Tuesday, 11 November 2014

The Arsenal Pt 1 - Mick

I own a lot of gear. Now, before any smartass decides to track me down and rob me blind, yu gotta understand one thing: I'n not a collector, I'm a shit hoarder. I've never believed that big buck gear made sense: most of my influences played what they could afford, or what they could scrape up. I recorded an entire project using guitars that ran me from $50-$130. That's my bag - I collect the unwanted stuff, sort of like a crazy guy with a house full of stray cats...

This all really started a couple of years back. I spent a large swath of my 20s and 30s doing fix & flips, often just to cover rent or groceries. I've worked on a boatload of axes. And I miss a lot of them. Now that I'm in a (very slightly) more comfortable position, I can actually keep this stuff around, instead of sending it off to be neglected by yet another player.

Plus, like any guy, I like showing off my toys.

So let's start with the obvious, the guitar I use for most of my YouTube videos:

This is Mick. He's a Dillion '59 LP Jr. copy in TV yellow. I got this about 6 years back from an on-line Canadian concern (sadly out of business) for about $350. Mahogany, set neck, great build and finish.

The first Special I ever tried was an Ibanez that my friend Eject had. I was 19, mid-80s, and it was the first recognizable "lawsuit" guitar that I played. I mean, I started on a Raven Les Paul copy, you'd see strat copies and such, but never the more obscure stuff. And the body shape stuck with me, a slab that didn't feel like you were playing a cutting board (like a tele). It felt great. Never saw another Ibanez one: I guess they were scarce. In this neck of the woods, you'd occasionally run across Univox DC copies (Chris from Euthanasia played one for a while) and very *very* rarely original 50s ones (which were always massacred with horrid shred metal humbuckers). So I figured I'd spring for this when it came on the market, like 2 decades later.

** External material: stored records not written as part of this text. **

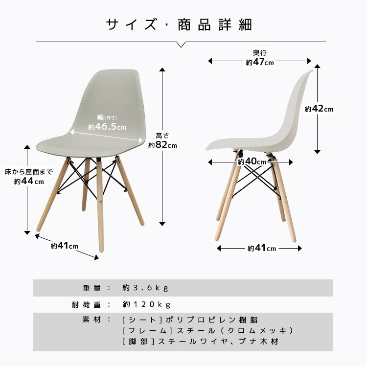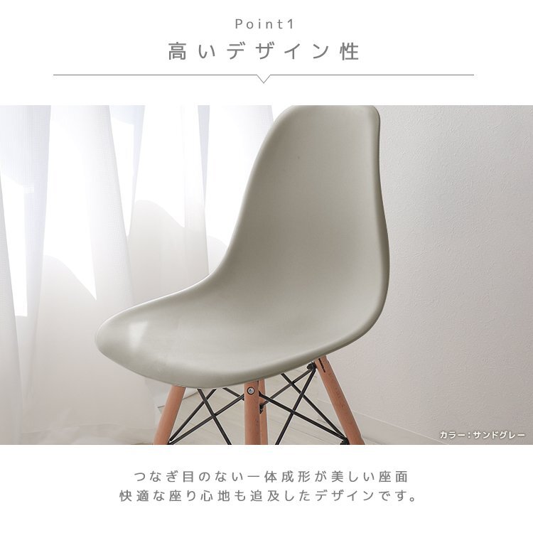 時代を問わない洗練されたデザイナーズチェア。 20世紀を代表するプロダクトデザイナー・イームズ夫妻の最高傑作の ひとつとして名高いイームズチェアのリプロダクト製品です。 スタイリッシュ&機能性を備えたドゥエルレッグ。 脚部先端にはプラスチック製の保護パーツ付きで床の傷を防ぎます。 オフィスやリビング、ダイニングなどシチュエーションを選ばず 空間になじむオールマイティなデザイン。 背板と座板が一体型の形状となったシェル型デザインで 長時間座っていても疲れにくい構造となっています。 【商品仕様】 商品名:Eames Chair(イームズチェア) デザイナー:チャールズ&レイ・イームズ/Charles & Ray Eames カラー:ミルクティスモア サイズ(約):W46.5cm×D47cm×H82cm 座面サイズ(約):W46.5cm×D40cm×H42cm 重量(約):3.6kg 耐荷重(約):120kg 材質:ポリプロピレン樹脂、スチール、ブナ木材 【商品内容】 座面 ×1、脚 ×1、固定用ネジ ×4、ワッシャー ×4、六角レンチ ×1 ■注意事項■ ・組立て後、脚にガタツキが生じた場合は通常使用している間に馴染んでいきますので、ご安心下さい。 ・商品はリプロダクト品となります。 ・商品は、モニターによって色合いが異なって見える場合があります。 ・仕様・デザインは改良のため予告なく変更することがあります。 イームズテーブルはこちら→ |
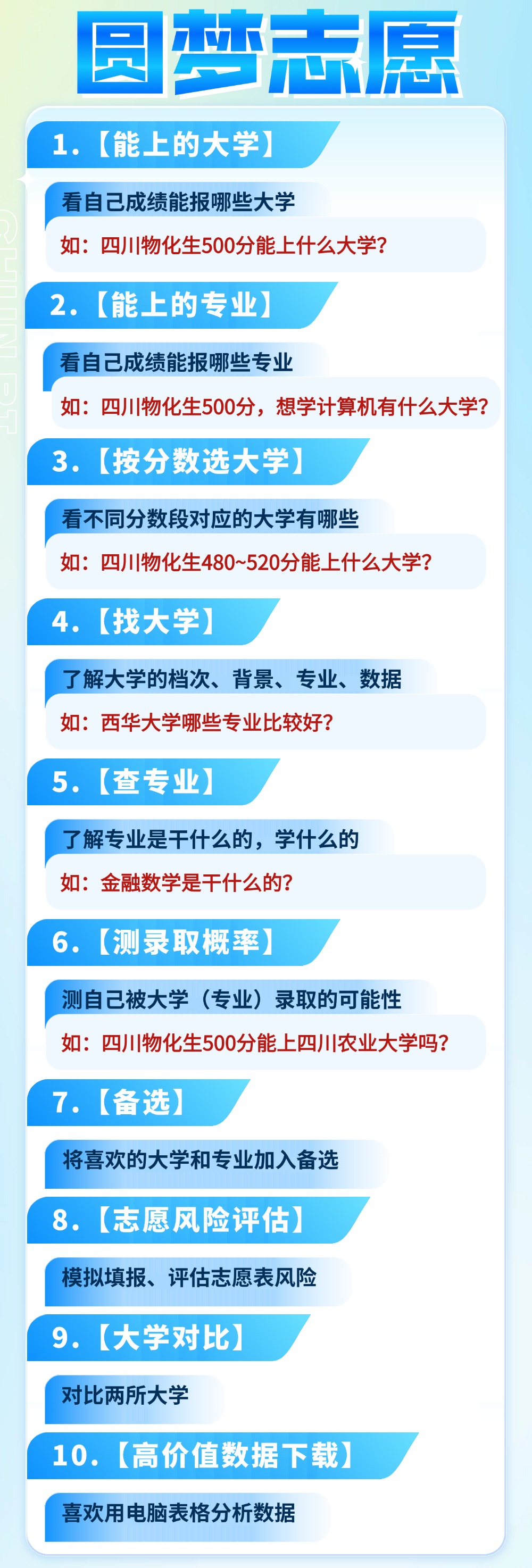 圆梦志愿的价值远不止“一键匹配院校”,更覆盖志愿填报全流程需求。针对考生和家长的深层困惑,其内置多项实用功能:
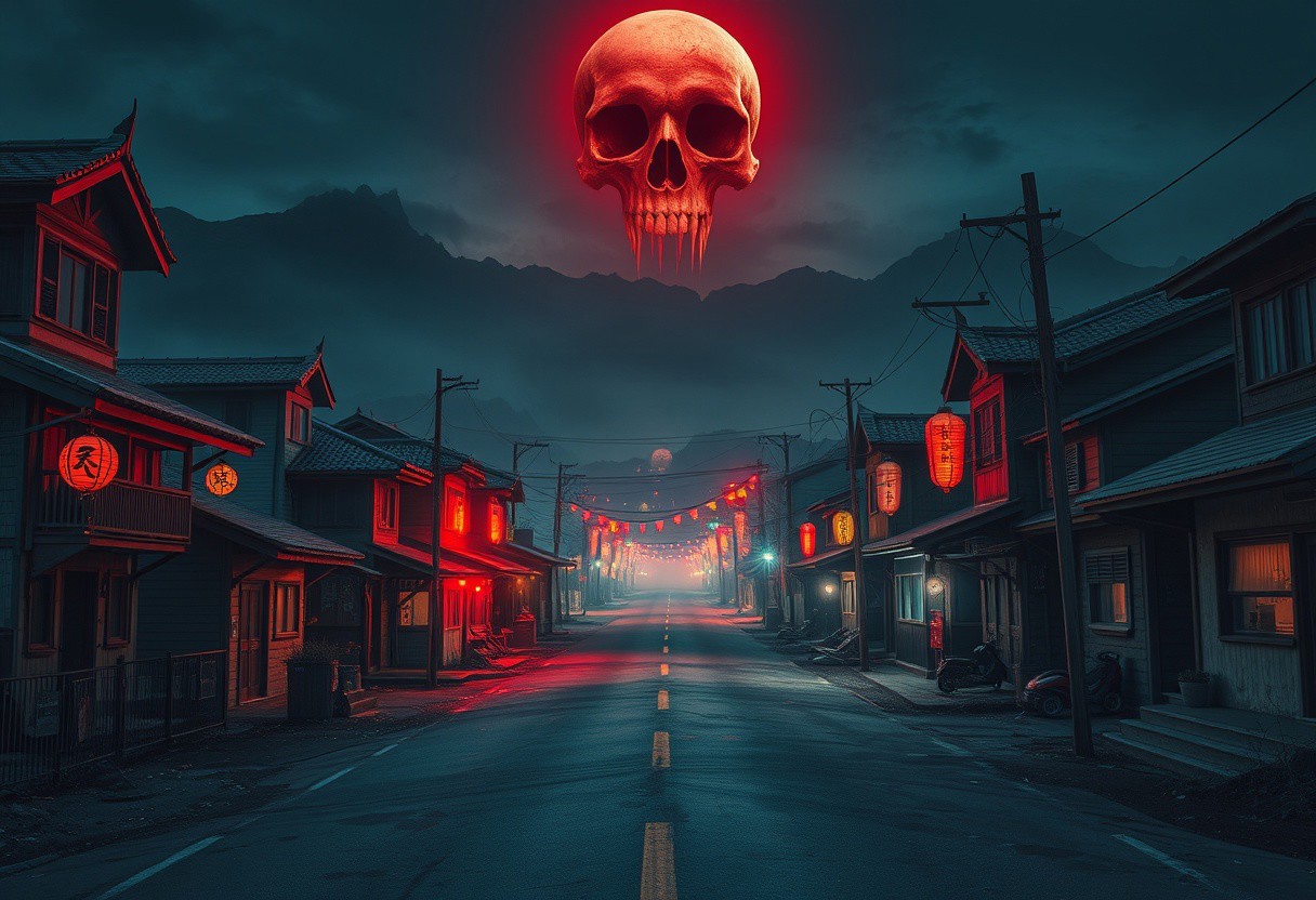 Cinematic photo, Realisti,A remote town called 'Zhiyong Town', with a medium shot composition. At night, the town is covered by a strange light, with no one on the streets and all the buildings around reflecting terrifying and strange colors. It's like entering a kaleidoscope world. The skull in the sky replaced the moon with a strange red light, and a pair of black hollow eyes looked at you! Focusing on the center of the road, the artistic style blends dark fantasy and Gothic art, with a sense of painting, emphasizing texture and dramatic lighting.
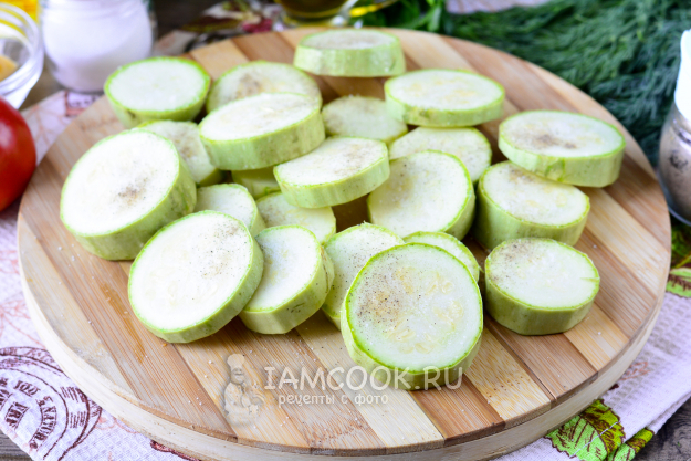 Кабачки посолите и поперчите, специи сделают их вкуснее. Также можете использовать и другие приправы, например прованские травы.

Problem was, when it arrived, the manufacturer had opted for a modern style Badass bridge. Now I've been on record before about how much I hate that bridge design. And Mick suffered from it horribly: banjo sustain, ghost notes, chords that would choke out instead of decaying. You couldn't set the string height right because the bridge was too fucking tall! I actually almost got rid of him, but in the end I grabbed a $12 Ebay wraparound bridge in a desperate attempt to get him playing correctly. 

It worked like a charm. I've slowly been bringing the string gauge up on Mick, from the 8s on the original bridge to my preferred 9-46 (although next change I'm dropping back to 9-42s). Slinky action, killer neck, just damn fun to play. And yes, it's a Special: the neck is a whammy bar (you lean into it and it goes out of tune),: it neck dives like an SG; I bang my hand into the cutaways constantly.  In other words, it's a real guitar, with limitations that make you concentrate on what it's capable of. Which is a lot.

If you've never played a Jr. style before, it can be a shock how many different sounds you can get out of such a simple set up. I find P-90s to respond to subtle changes in the controls much better than any other design out there: you can hear a difference between 8 and 7 on the volume. (Try that on a strat) The pick-up's a little bright, and a little too hot, which the controls really help with. And they work really well: so much for "cheap Chinese pots"!

Outside of the bridge, it's mainly stock. It took a tumble while I was recording this summer: no damage, but the D tuner started acting up (it took the full brunt of the blow), so I just slapped on some fresh tuners a few weeks back. I'm trying out some tele knobs on it, to make knob twiddling a little faster. *Very* smooth acting truss rod on him: set-ups and tweaks can be finessed like on a much more expensive instrument.

So why do I tend to use Mick for my pedal demos? Because he's got a P-90. And nobody uses P-90s for effect demos. I actually prefer humbuckers for most gain situations, but I'm sure I get 10% more hits because of him :)

And yes, I do name all of my guitars. Some are obvious, and some are obscure. Mick seemed obvious.